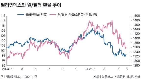 첫째, 미국달러의 약세 전환이다. 지난해 미국달러는 미국의 상대적 경기 우위, 이른바 '미국 예외주의'에 힘입어 강세를 보였다. 하지만 올해 들어 도널드 트럼프 행정부의 관세정책과 관련한 불확실성이 확대되면서 달러인덱스(주요 6개국 통화 대비 미국달러화 가치)가 연초 대비 9% 이상 하락했다. 관세정책에 대한 우려가 미국 경제의 성장세 둔화를 자극하고, 관세 인상에 따른 수입물가 상승이 인플레이션 압력을 높이면서 스태그플레이션(고물가 속 경기침체) 가능성까지 불러일으킨 결과다. 이는 미국달러에 대한 투자심리를 약화하는 주요 요인으로 작용했다.국제신용평가사 무디스가 5월 미국 신용등급을 기존 Aaa에서 Aa1으로 한 단계 하향 조정하며 미국 자산 신뢰도에 의문을 제기한 것도 미국 국채금리에 상승 압력을 가해 달러 약세 요인으로 작용했다.
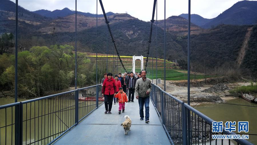 3月25日,略陽縣徐家坪鎮(zhèn)藥木院村村民走在新修的鋼結(jié)構(gòu)吊橋上。 新華社記者陶明攝
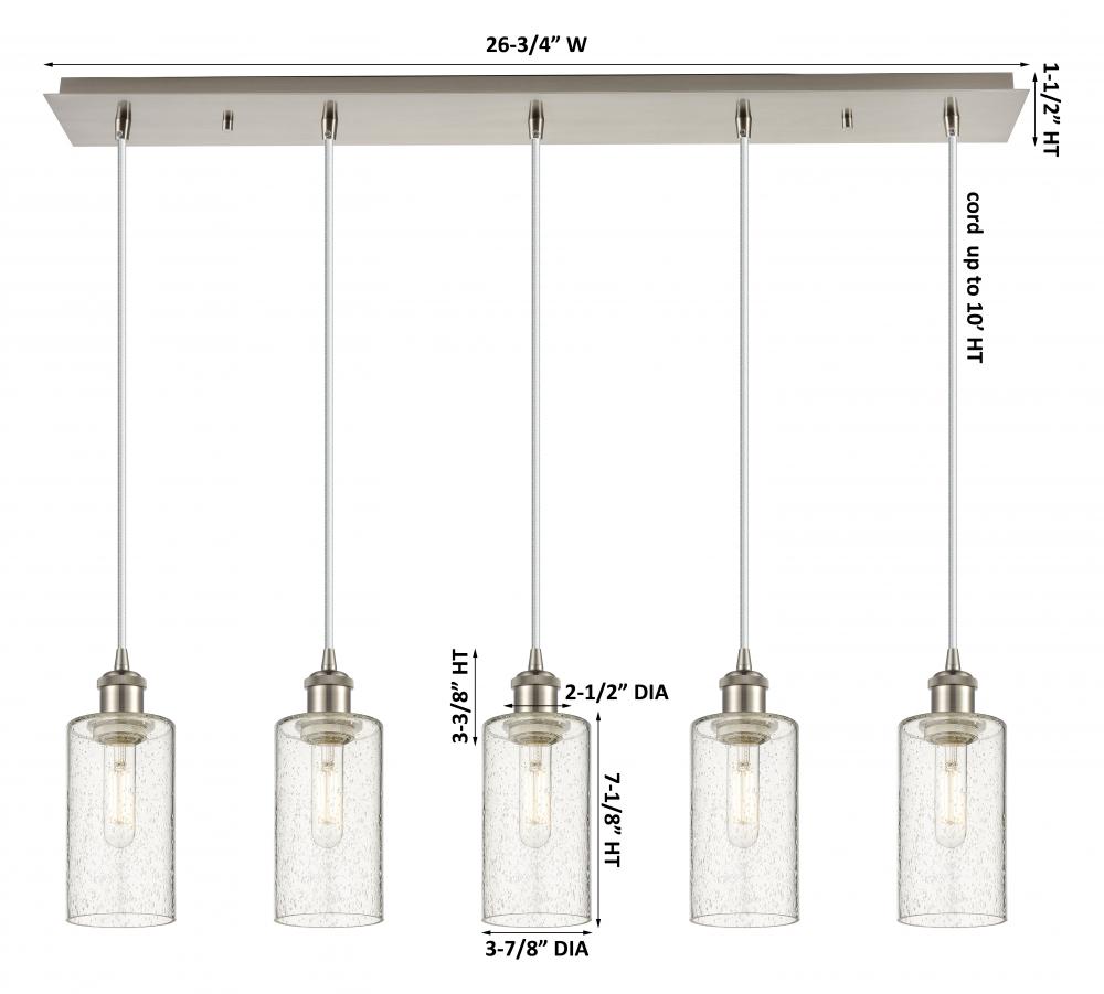 Each pendant comes with a 10-foot cord that can be trimmed to any desired length. This allows you to hang the shades at either the same height or different staggered heights.
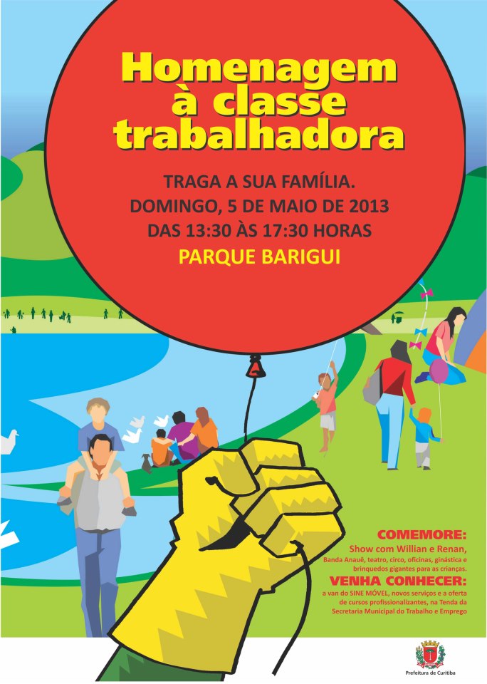 Domingo, 5 de maio de 2013, das 13h30 às 17h30 no Parque Barigui, com shows e atividades. Evento organizado pela vice-prefeita e secretária municipal do Trabalho e Emprego, Mirian Gonçalves (PT), e sua equipe.
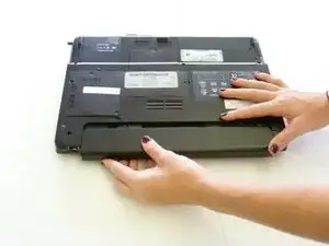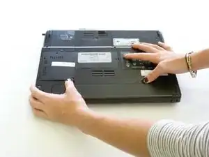 Оттяните блок аккумулятора от ноутбука, чтобы его удалить.
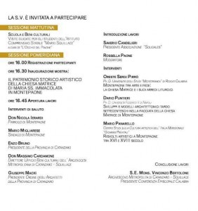 Interventi: Oreste Sergi Pirrò, Ph. D. Università degli studi Mediterranea di Reggio Calabria: “Montepaone tra arte e fede: la chiesa Matrice e i suoi arredi liturgici”; Dario Puntieri, Ph. D. Università Federico II di Napoli: “Sviluppi e modelli architettonici tardo settecenteschi nella facciata della chiesa Matrice di Montepaone”; Mario Panarello, Centro Studi sulla Cultura artistica dell’Italia Meridionale Giovanni Previtali: “Risvolti artistici a Montepaone tra XVI e XVIII secolo”.
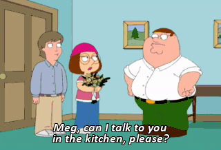 Meg, can I talk to you in the kitchen, please?
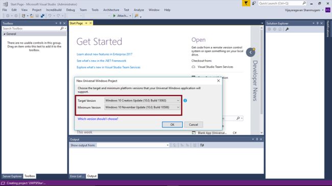 Choose the target and minimum platform version that your Windows Universal application will support. After, the project creates App.xaml and MainPage.xaml.
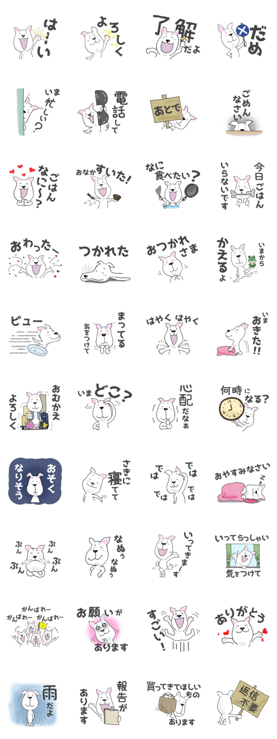 親子、夫婦、恋人同士など身近な人との会話用の白い犬のスタンプです。白ワンコは毎日元気!
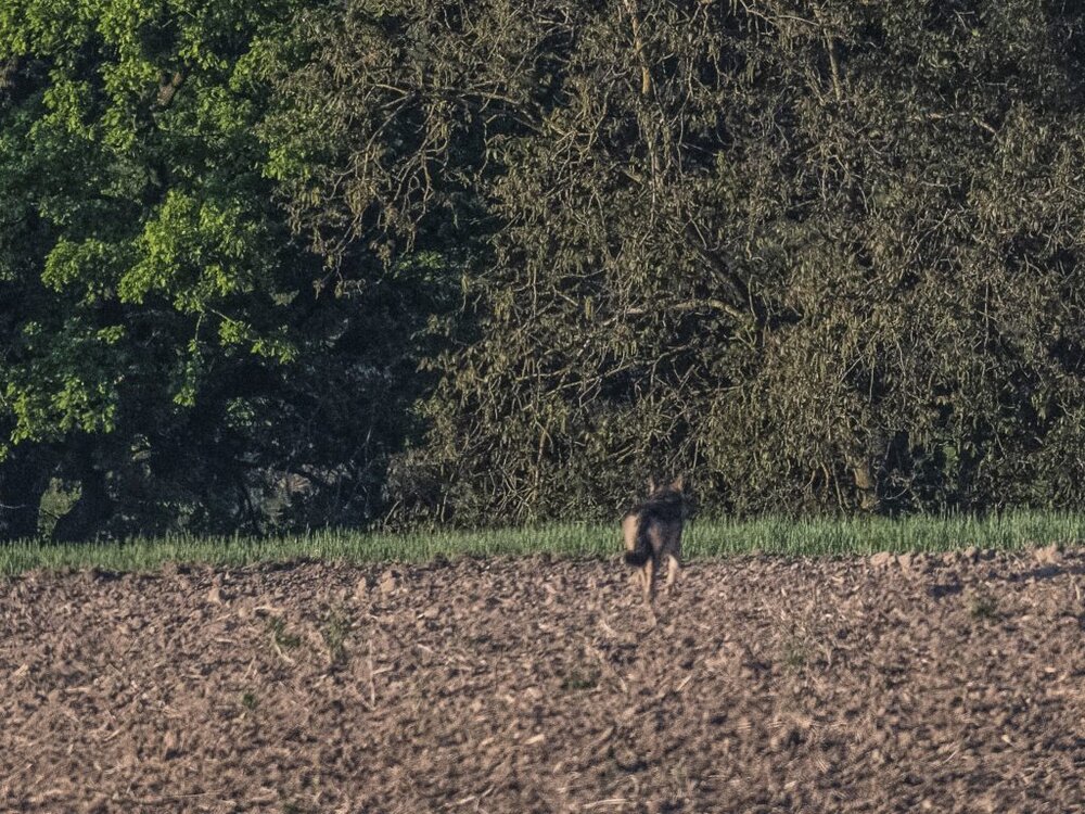 Gegen 7 Uhr morgen war er unterwegs bei seiner täglichen Runde mit Kamera und Hund durch die Region. Diesmal kam ihm dann statt Reh oder Hase ein ganz besonderer Kandidat vor die Linse – ein Wolf, dabei „hoffte und schaue ich immer nach einem Luchs“. Nun dann – ein Wolf. Der trottete entspannt über das Feld und witterte nicht, dass sich Kristel rund 300 Meter entfernt mit der Kamera im Anschlag befand.
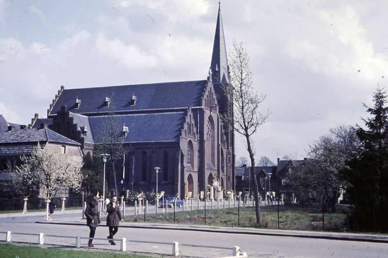 De Sint Lambertuskerk met links de voormalige pastorie.
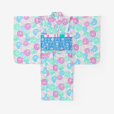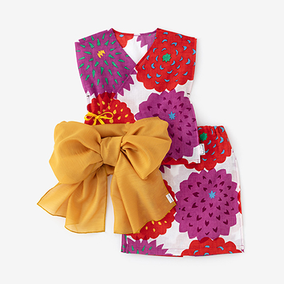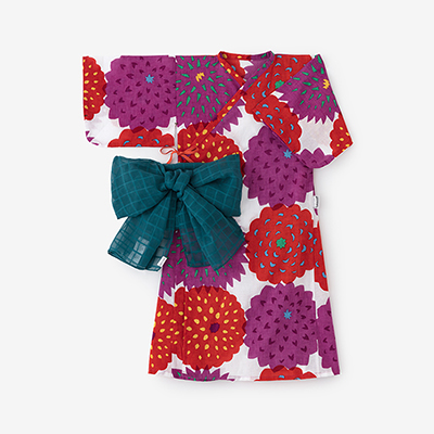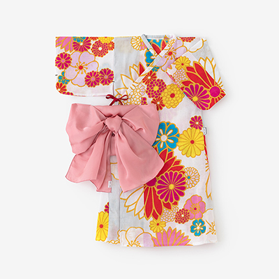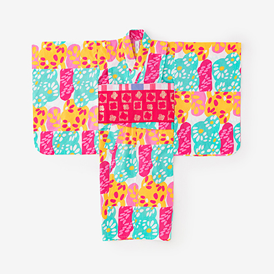 子どものかわいらしさを引き立てる色鮮やかな浴衣と帯。
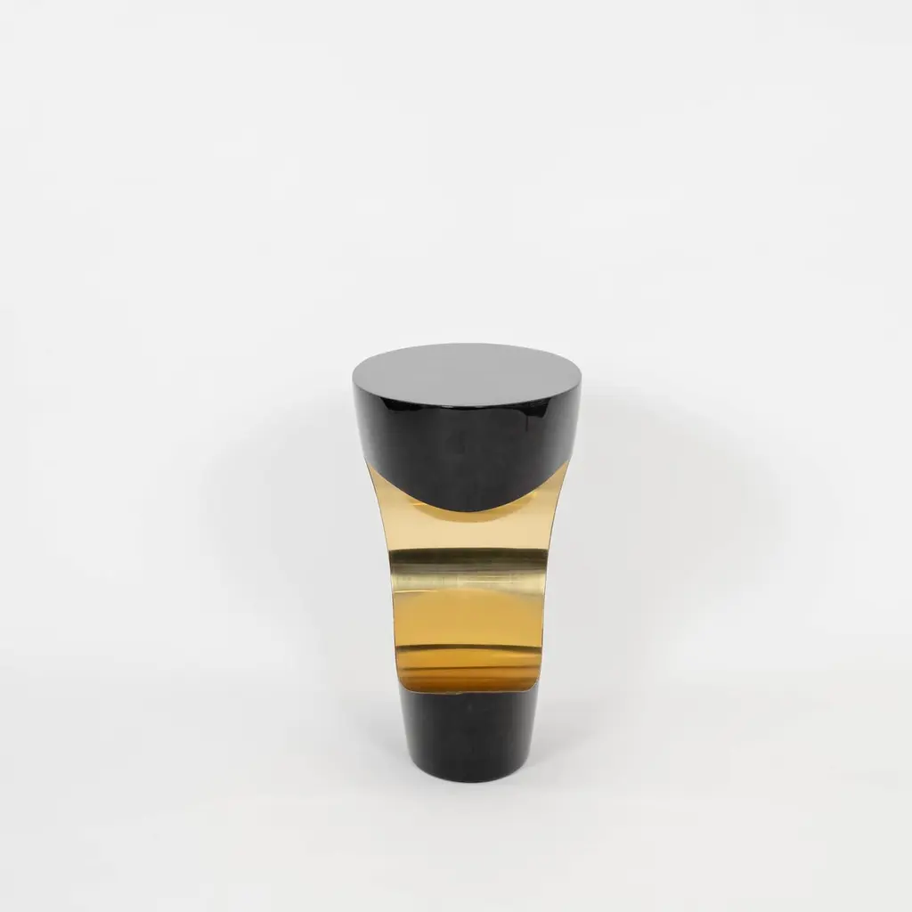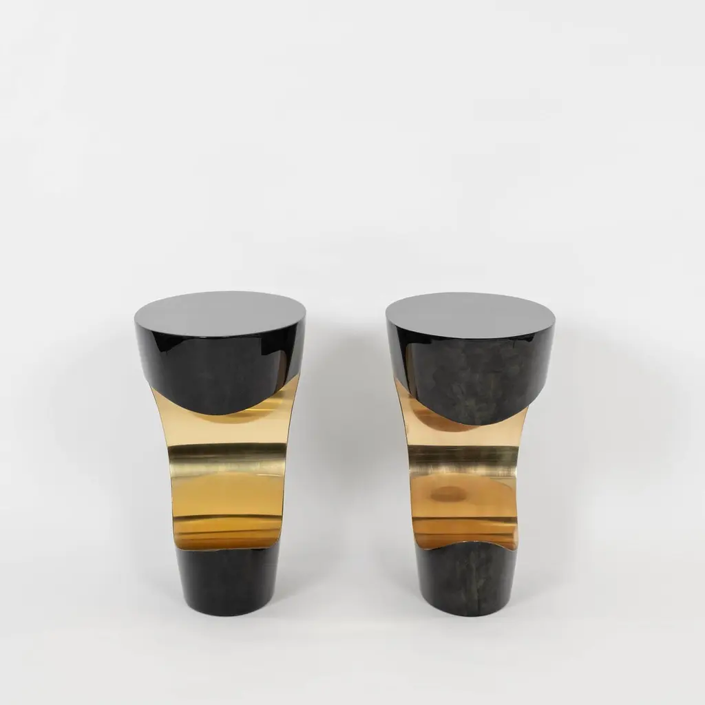 Pair Sylva S.f. Lacquered Charcoal Black Gold Crescent Parchment Tables

■ Description of the task ■
Set down the material once more, exactly, with the pictures omitted.

■ Answer box ■
 첫째, 미국달러의 약세 전환이다. 지난해 미국달러는 미국의 상대적 경기 우위, 이른바 '미국 예외주의'에 힘입어 강세를 보였다. 하지만 올해 들어 도널드 트럼프 행정부의 관세정책과 관련한 불확실성이 확대되면서 달러인덱스(주요 6개국 통화 대비 미국달러화 가치)가 연초 대비 9% 이상 하락했다. 관세정책에 대한 우려가 미국 경제의 성장세 둔화를 자극하고, 관세 인상에 따른 수입물가 상승이 인플레이션 압력을 높이면서 스태그플레이션(고물가 속 경기침체) 가능성까지 불러일으킨 결과다. 이는 미국달러에 대한 투자심리를 약화하는 주요 요인으로 작용했다.국제신용평가사 무디스가 5월 미국 신용등급을 기존 Aaa에서 Aa1으로 한 단계 하향 조정하며 미국 자산 신뢰도에 의문을 제기한 것도 미국 국채금리에 상승 압력을 가해 달러 약세 요인으로 작용했다.
 3月25日,略陽縣徐家坪鎮(zhèn)藥木院村村民走在新修的鋼結(jié)構(gòu)吊橋上。 新華社記者陶明攝
 Each pendant comes with a 10-foot cord that can be trimmed to any desired length. This allows you to hang the shades at either the same height or different staggered heights.
 Domingo, 5 de maio de 2013, das 13h30 às 17h30 no Parque Barigui, com shows e atividades. Evento organizado pela vice-prefeita e secretária municipal do Trabalho e Emprego, Mirian Gonçalves (PT), e sua equipe.
 Оттяните блок аккумулятора от ноутбука, чтобы его удалить.
 Interventi: Oreste Sergi Pirrò, Ph. D. Università degli studi Mediterranea di Reggio Calabria: “Montepaone tra arte e fede: la chiesa Matrice e i suoi arredi liturgici”; Dario Puntieri, Ph. D. Università Federico II di Napoli: “Sviluppi e modelli architettonici tardo settecenteschi nella facciata della chiesa Matrice di Montepaone”; Mario Panarello, Centro Studi sulla Cultura artistica dell’Italia Meridionale Giovanni Previtali: “Risvolti artistici a Montepaone tra XVI e XVIII secolo”.
 Meg, can I talk to you in the kitchen, please?
 Choose the target and minimum platform version that your Windows Universal application will support. After, the project creates App.xaml and MainPage.xaml.
 親子、夫婦、恋人同士など身近な人との会話用の白い犬のスタンプです。白ワンコは毎日元気!
 Gegen 7 Uhr morgen war er unterwegs bei seiner täglichen Runde mit Kamera und Hund durch die Region. Diesmal kam ihm dann statt Reh oder Hase ein ganz besonderer Kandidat vor die Linse – ein Wolf, dabei „hoffte und schaue ich immer nach einem Luchs“. Nun dann – ein Wolf. Der trottete entspannt über das Feld und witterte nicht, dass sich Kristel rund 300 Meter entfernt mit der Kamera im Anschlag befand.
 De Sint Lambertuskerk met links de voormalige pastorie.
 子どものかわいらしさを引き立てる色鮮やかな浴衣と帯。
 Pair Sylva S.f. Lacquered Charcoal Black Gold Crescent Parchment Tables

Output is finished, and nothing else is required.